Spain has joined the existing Franco-German effort to develop a future combat air system (FCAS), which is scheduled to enter service by 2040.
During a NATO meeting in Brussels on 14 February, Spain's minister of defence, Margarita Robles, signed a letter of intent with her respective French and German counterparts, Florence Parly and Ursula von der Leyen, covering the country's integration into the programme.
Madrid says that the country is joining the initiative on "equal terms with France and Germany" and that the project will give Spain "leadership visibility" within European security and defence policies.
Noting that Spain is already a partner in the Eurofighter programme – together with Germany, Italy and the UK – the defence ministry says the commitment will provide "quality opportunities to the Spanish defence industry" and enable the country to maintain a "solid base" of aerospace activities.
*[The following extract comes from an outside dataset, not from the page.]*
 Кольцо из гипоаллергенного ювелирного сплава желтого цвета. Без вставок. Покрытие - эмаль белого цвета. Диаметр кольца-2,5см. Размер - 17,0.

The FCAS programme will comprise development of a manned fighter jet and unmanned aircraft, which can be operated together.
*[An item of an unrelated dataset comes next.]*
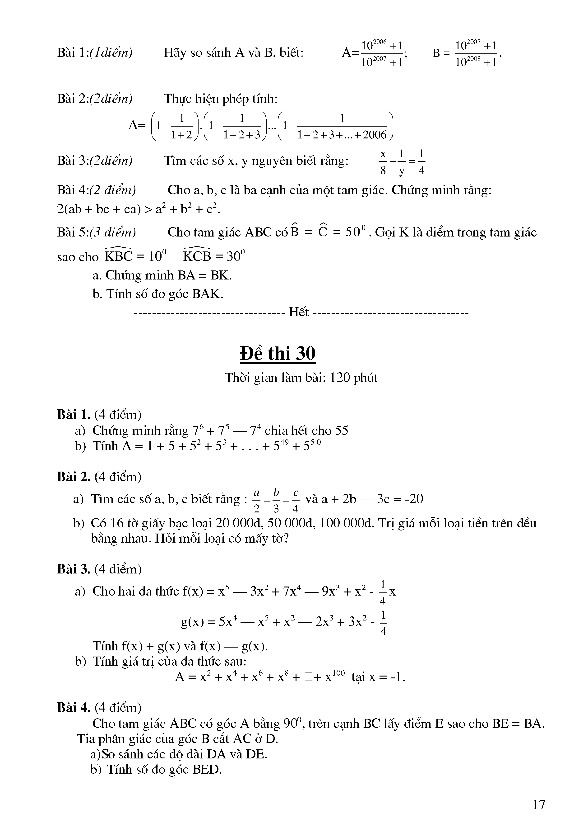 30 ĐỀ THI HSG CÓ ĐÁP ÁN

Aircraft developed under the programme will replace the Eurofighters operated by Germany and Spain, as well as France's Dassault Rafale fighters.
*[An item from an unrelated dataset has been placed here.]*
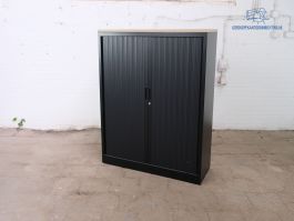 In deze tweedehands roldeurkast kunt u netjes en veilig uw spullen opbergen. De kast is zwart van kleur met een robson eiken topblad daarop en is voorzien van 2 zwarte legborden. De afmetingen van deze kast zijn 137.5 cm hoog, 120 cm breed en 43 cm diep. Deze gebruikte roldeurkast wordt standaard geleverd zonder sleutel, deze kunnen we eventueel wel voor u bij bestellen.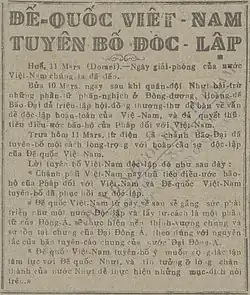 The Empire of Vietnam (Vietnamese: Đế quốc Việt Nam; Literary Chinese and Contemporary Japanese: 越南帝國[a]; Modern Japanese: ベトナム帝国, Betonamu Teikoku) was a short-lived puppet state of Imperial Japan[1] between March 11 and August 25, 1945. It was a member of the Greater East Asia Co-Prosperity Sphere. It was ruled by the Nguyễn dynasty and created when Emperor Bảo Đại declared independence for Vietnam (Tonkin and Annam) from French protection. At the end of its existence, on 14 August 1945, the empire also successfully reclaimed Cochinchina as part of Vietnam.[2]

Airbus Defence & Space – which has extensive activities in Spain – and Dassault have been selected as prime contractors for FCAS programme, while Safran Aircraft Engines and MTU Aero Engines have joined forces to build the aircraft's powerplants.
Spanish manufacturer ITP is a shareholder in the Eurojet consortium that builds the EJ200 engine for the Eurofighter – as is the company's parent, Rolls-Royce.
However, R-R has been selected as propulsion partner for the UK's Tempest next-generation fighter programme.